7 Checking model assumptions

In this chapter we consider how to test the assumption that the errors \(\varepsilon_1,\varepsilon_2,\ldots,\varepsilon_n\) are independent and identically normally distributed. This is mainly done through inspection of the residuals.

7.1 Residuals for model checking

An important feature of any statistical analysis should be to check, as far as it is possible to do so, that the assumptions made in the model are valid. In the case of linear models, our assumptions concern the error terms \(\boldsymbol{\varepsilon}\). For observation \(i\), the model error is \(\varepsilon_i=y_i-\boldsymbol{x}_i^T\boldsymbol{\beta}\); the residual \(e_i=y_i-\boldsymbol{x}_i^T\boldsymbol{\hat{\beta}}\) can be thought of as an estimate of this.

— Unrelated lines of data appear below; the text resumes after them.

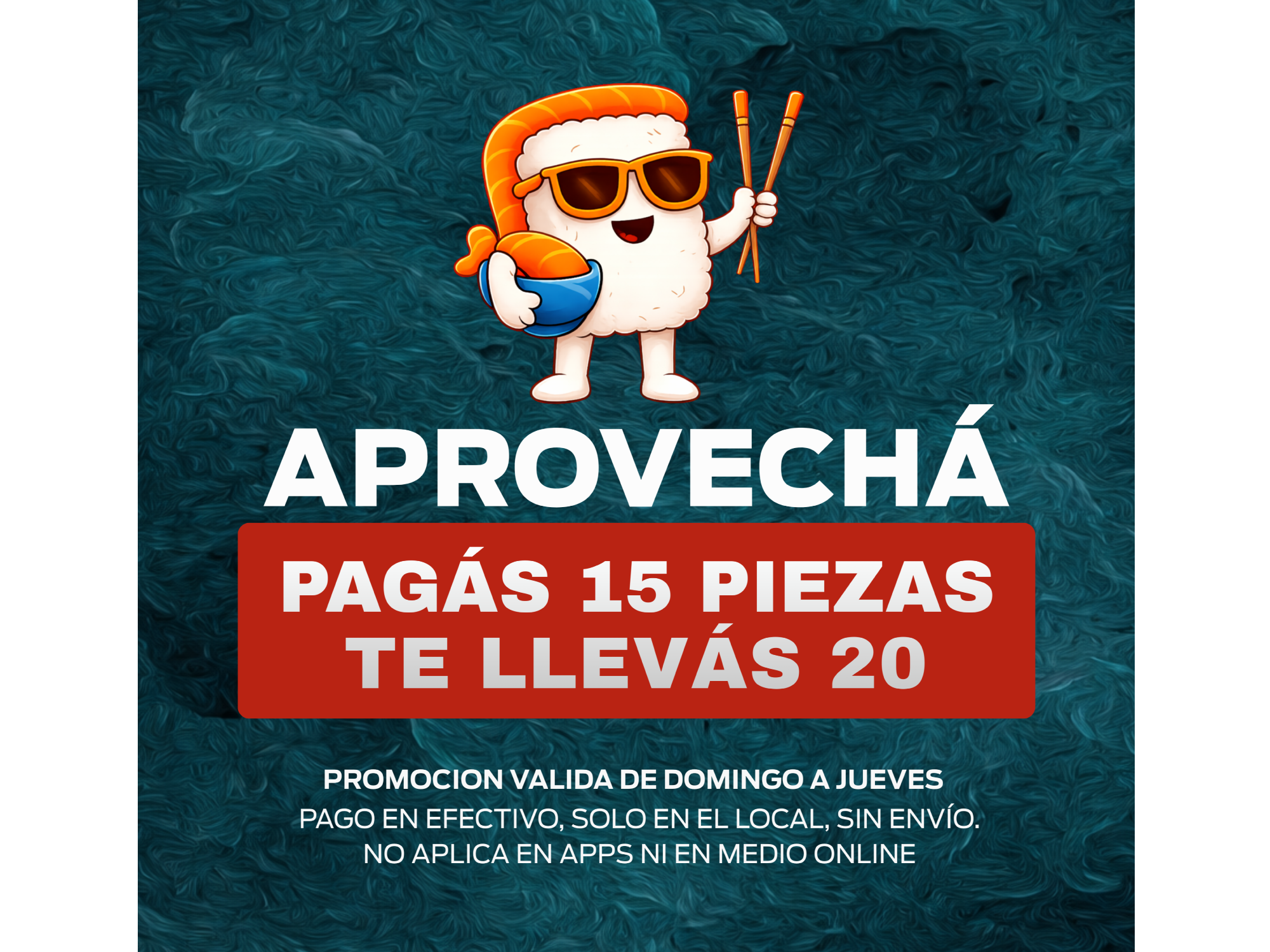 PROMOS DOMINGO A JUEVES Compartir por WhatsApp Copiar enlace PAGAS 15 PIEZAS, TE LLEVAS 20! desde $16.700 Hasta 23% OFF 24 PIEZAS CALIENTES 20% OFF $45.600$36.500 20% OFF ENSALADAS x 2 desde $22.000 Hasta 15% OFF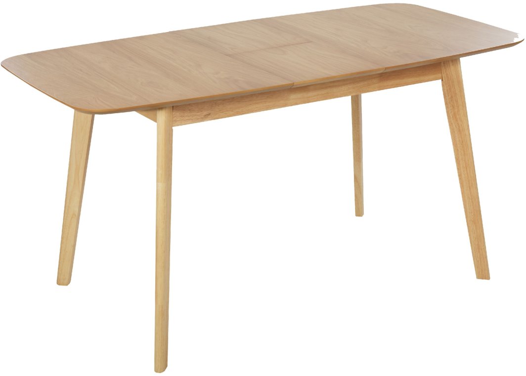 Rozsuwany stół w stylu retro o naturalnym wykończeniu. Elegancki stół rozkładany w kolorze jasnego drewna, inspirowany stylem retro stanie się ponadczasowym elementem każdej jadalni. Wytrzymały blat został wykonany z wysokiej jakości płyty MDF, która jest łatwa w pielęgnacji. Smukłe nogi z drewna kauczukowego dopełniają elegancki wygląd stołu, gwarantując jego stabilność. Ponadczasowe wzornictwo sprawia, że stół sprawdzi się w różnych aranżacjach wnętrz, zarówno tradycyjnych, jak i nowoczesnych.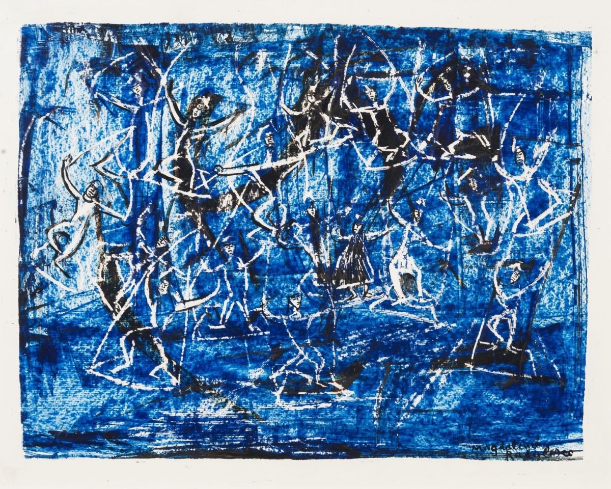 Description: Compoziție simili-abstractă cu grup de personaje stilizate, miniaturizate, prinse într-un dans ritual. Tipurile umanoide se mișcă într-un ritm frenetic pe un fundal neutru, figuri albe pe fond albastru. Simplificările personajelor evocă unele picturi rupestre. Gamă cromatică prevalent rece.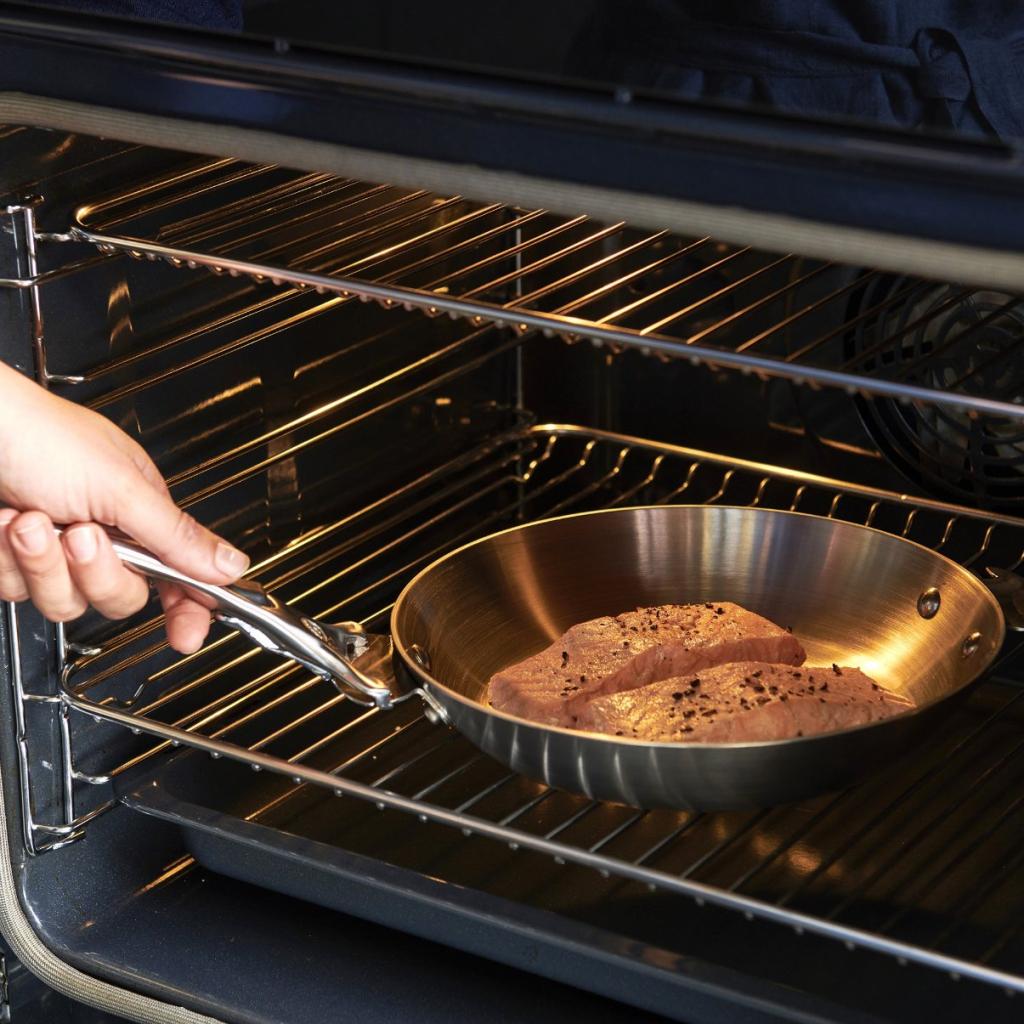- díky třívrstvé konstrukci z nerezové oceli a hliníkového jádra poskytuje výjimečně rovnoměrné rozložení tepla bez přehřívání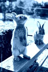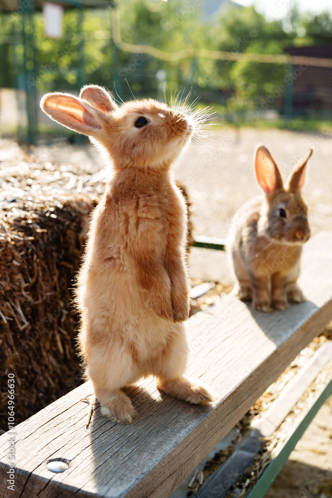A small brown rabbit curiously explores a wooden bench near hay bales in a sunny farm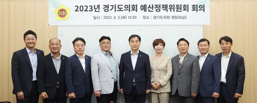 이날 회의에는 예산정책위원회 윤종영 위원장(연천), 김회철 부위원장(화성6), 한원찬 위원(수원6), 정경자 위원(비례) 방성환 위원(성남5), 김동규 위원(안산1), 이홍근 위원(화성1), 이영희 위원(용인1), 김진경 위원(시흥3), 오세풍 위원(김포2)이 참석하였다.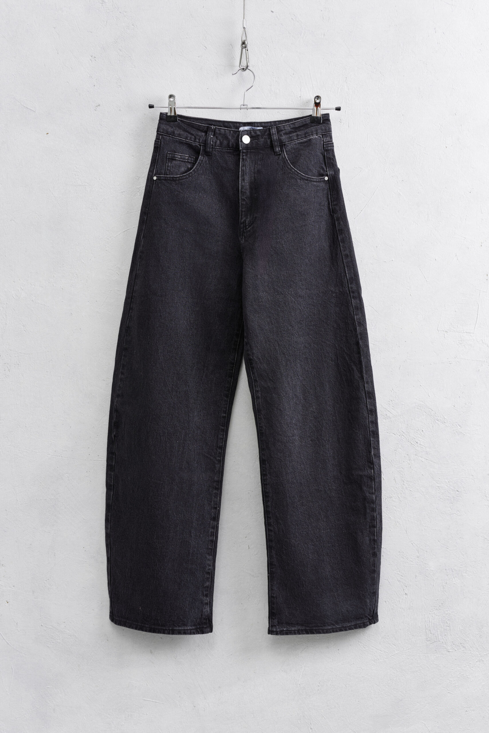 Cotton blend balloon jeans. 5 pockets. Zip and button closure. Regular fit, available in size S/M/L.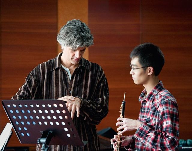Als er selber Kind war, hat er gestottert. Manchmal hat er kein Wort herausgebracht, und manchmal hört man sie noch, diese leichte Unsicherheit, wenn er nicht weich hineinrutscht in ein Wort. Er hat dann begonnen, Flöte zu spielen. »Als Therapie«, sagt er. »Da floss alles so schön.« Vierzehn war er, als er zur Oboe wechselte, dem Instrument, mit dem er aufgewachsen war, denn auch sein Vater war Oboist. »Im Grunde«, sagt Dominik Wollenweber, »lebe ich auch meine masochistische Ader aus, das Ehrgeizige, das Selbstquälerische. Wenn du Schmerzen nicht aushalten kannst, bist du in diesem Hochleistungsmusikertum verkehrt. Über die Grenze des Schmerzes hinauszugehen, dazu muss man bereit sein.« Er sagt: »Und ich war dann schon froh, dass ich auf einen Beruf zuging, in dem ich im Allgemeinen nicht reden muss.« Nun soll er reden. In der Musikhochschule in Peking, einem Hochhaus, in dem, wie einer der Dozenten dort nicht ohne Stolz sagt, in jedem Raum ein Steinway steht. Wir haben Power, heißt das, wir haben Geld. 1600 Studenten sind hier eingeschrieben, und jetzt, wo die Berliner Philharmoniker in der Stadt sind, muss es natürlich Meisterkurse geben. Einen davon soll Wollenweber halten.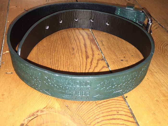 ceinture enfant garçon tape à l’œil - TAO simili cuir vert visuel texte all over portée deux fois comme neuve boucle d’attache réglable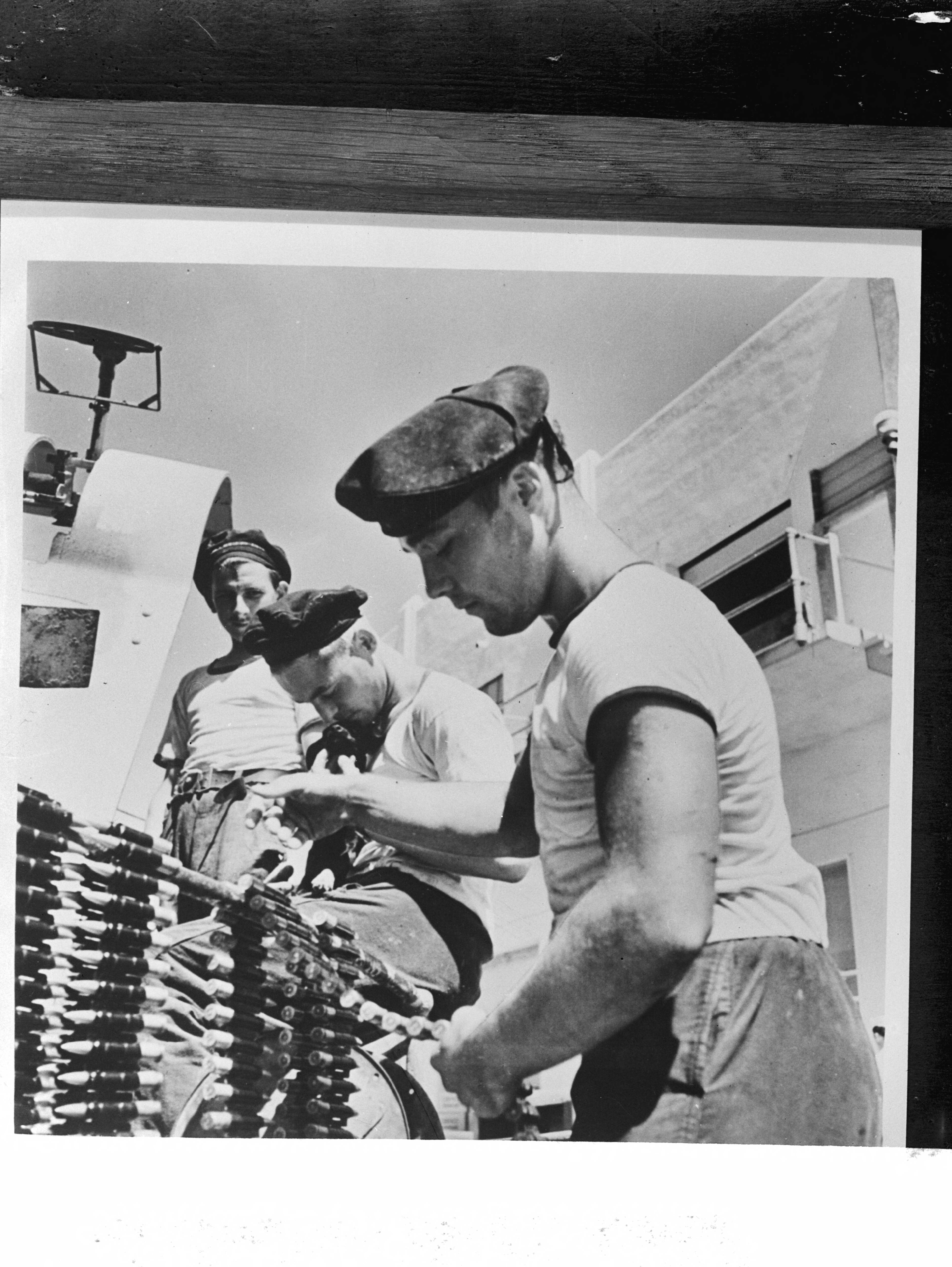 Luchtafweergeschut op Hr. Ms. Jan van Brakel. Bemanningsleden maken het wapen schoon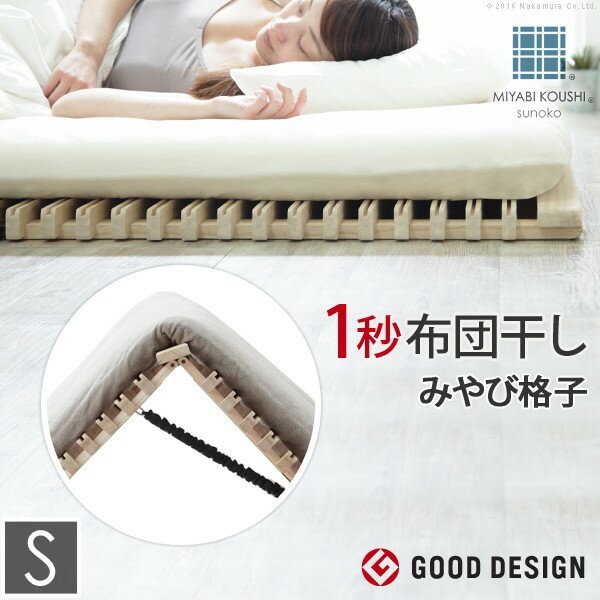 【グッドデザイン賞受賞】 すのこベッド 折りたたみ シングル 通気性2倍で丸めて収納 「みやび格子」・・・

Recall that we assume the \(\varepsilon_i\) to:

have zero mean (which is equivalent to assuming that we have got the systematic part of the model represented by \(X\boldsymbol{\beta}\) right);
be independent;
have common variance (homoscedasticity);
be normally distributed.

In principle, if we knew the actual values of the \(\varepsilon_i\) then we could check these assumptions. We could look to see if \(\varepsilon_1,\varepsilon_2,\ldots,\varepsilon_n\) looked in all relevant respects like a sample from a normal distribution with zero mean.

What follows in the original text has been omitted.